→ MATERIAL FOR THIS TASK
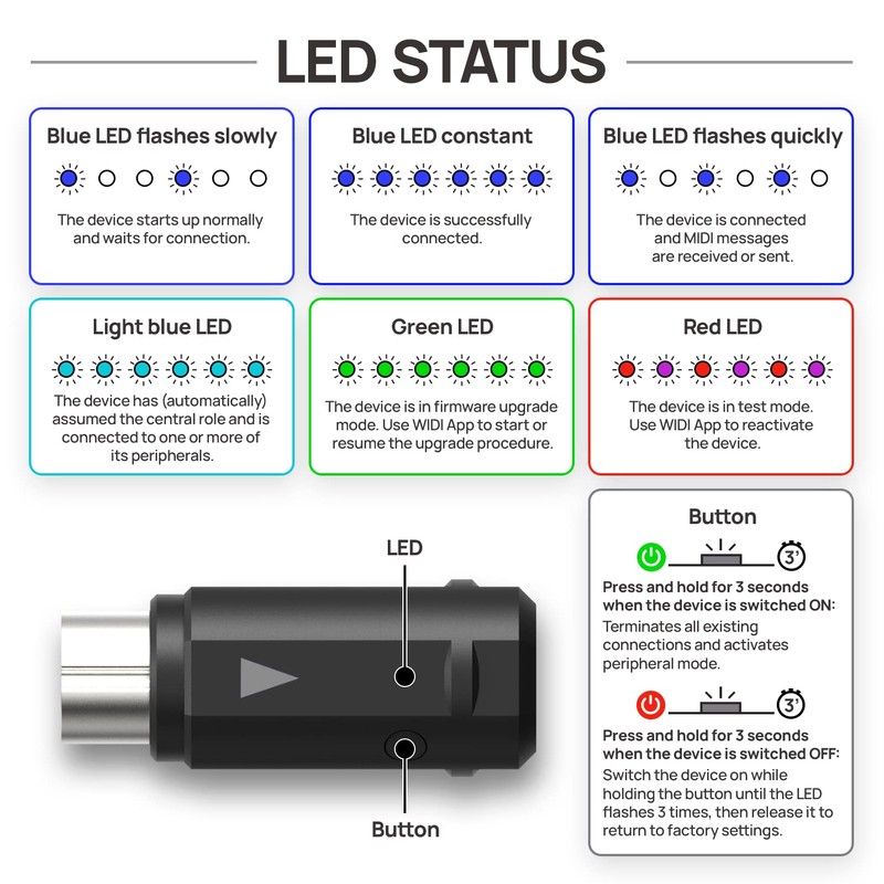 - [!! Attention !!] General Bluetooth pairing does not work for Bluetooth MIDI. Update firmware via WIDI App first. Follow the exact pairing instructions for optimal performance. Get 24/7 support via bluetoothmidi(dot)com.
* * *
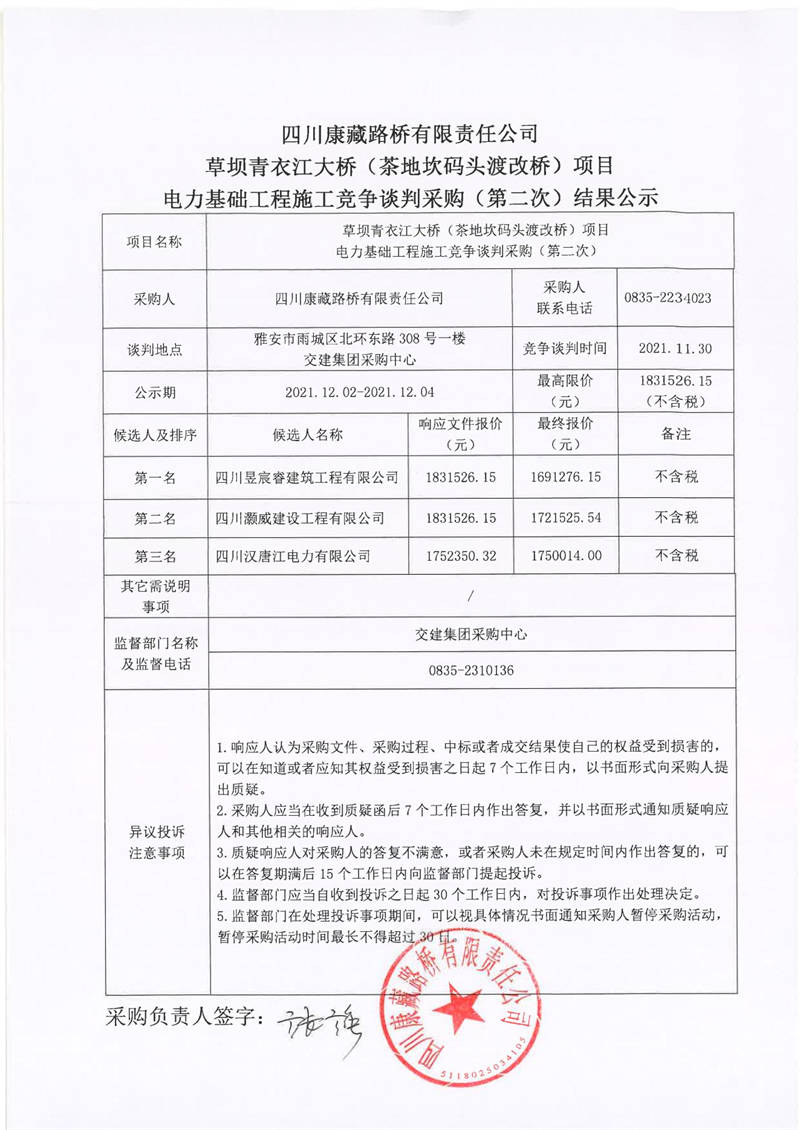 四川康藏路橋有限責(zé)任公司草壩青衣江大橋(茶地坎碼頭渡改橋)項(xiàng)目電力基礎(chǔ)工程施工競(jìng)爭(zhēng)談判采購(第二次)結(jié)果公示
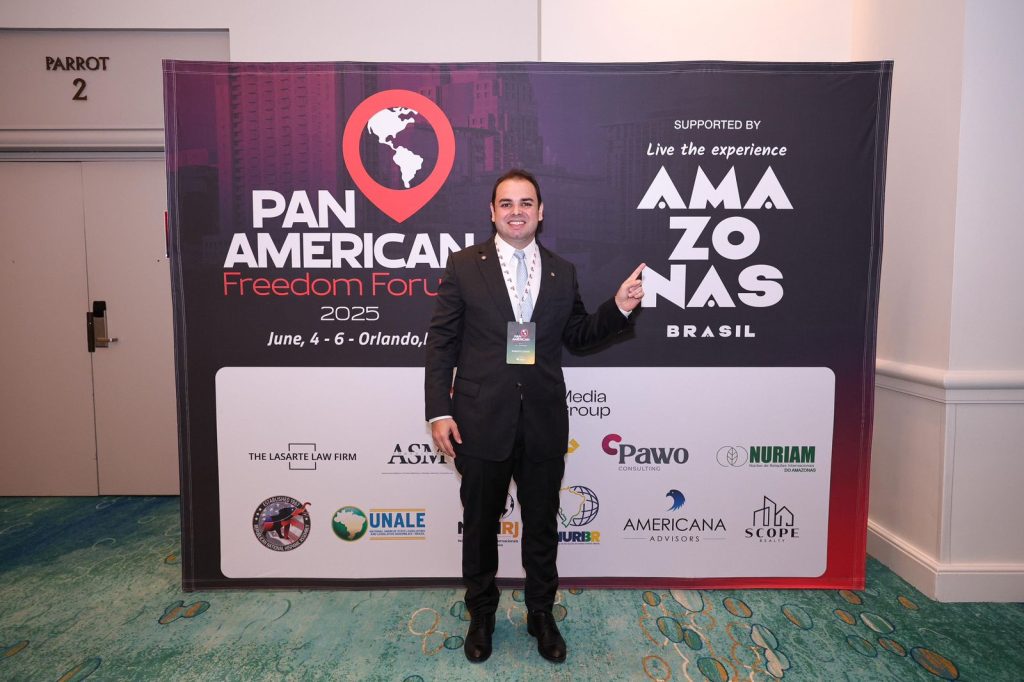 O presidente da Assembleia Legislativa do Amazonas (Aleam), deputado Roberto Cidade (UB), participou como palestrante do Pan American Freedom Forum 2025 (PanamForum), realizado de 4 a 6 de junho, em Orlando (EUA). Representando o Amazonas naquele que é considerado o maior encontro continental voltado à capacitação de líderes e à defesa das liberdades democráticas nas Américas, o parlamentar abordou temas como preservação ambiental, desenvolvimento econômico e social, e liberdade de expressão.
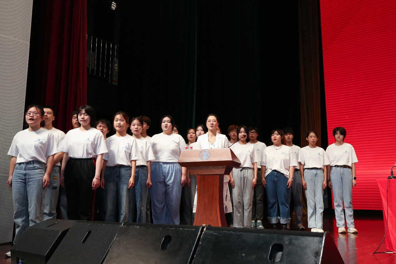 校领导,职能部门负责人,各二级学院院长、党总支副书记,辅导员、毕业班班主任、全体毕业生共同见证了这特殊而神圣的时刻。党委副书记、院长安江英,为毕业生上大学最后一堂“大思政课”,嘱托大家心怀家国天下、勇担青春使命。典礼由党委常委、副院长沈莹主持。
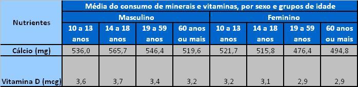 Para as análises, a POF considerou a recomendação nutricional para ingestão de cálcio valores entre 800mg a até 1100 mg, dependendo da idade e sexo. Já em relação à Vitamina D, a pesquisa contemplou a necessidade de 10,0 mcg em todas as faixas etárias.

→ DIRECTIONS FOR THIS TASK
Your answer must be everything above from the line with "四川康藏路橋有限責(zé)任" down to the line with "Para as análises, a", word for word, and no pictures.

→ YOUR SOLUTION
 四川康藏路橋有限責(zé)任公司草壩青衣江大橋(茶地坎碼頭渡改橋)項(xiàng)目電力基礎(chǔ)工程施工競(jìng)爭(zhēng)談判采購(第二次)結(jié)果公示
 O presidente da Assembleia Legislativa do Amazonas (Aleam), deputado Roberto Cidade (UB), participou como palestrante do Pan American Freedom Forum 2025 (PanamForum), realizado de 4 a 6 de junho, em Orlando (EUA). Representando o Amazonas naquele que é considerado o maior encontro continental voltado à capacitação de líderes e à defesa das liberdades democráticas nas Américas, o parlamentar abordou temas como preservação ambiental, desenvolvimento econômico e social, e liberdade de expressão.
 校领导,职能部门负责人,各二级学院院长、党总支副书记,辅导员、毕业班班主任、全体毕业生共同见证了这特殊而神圣的时刻。党委副书记、院长安江英,为毕业生上大学最后一堂“大思政课”,嘱托大家心怀家国天下、勇担青春使命。典礼由党委常委、副院长沈莹主持。
 Para as análises, a POF considerou a recomendação nutricional para ingestão de cálcio valores entre 800mg a até 1100 mg, dependendo da idade e sexo. Já em relação à Vitamina D, a pesquisa contemplou a necessidade de 10,0 mcg em todas as faixas etárias.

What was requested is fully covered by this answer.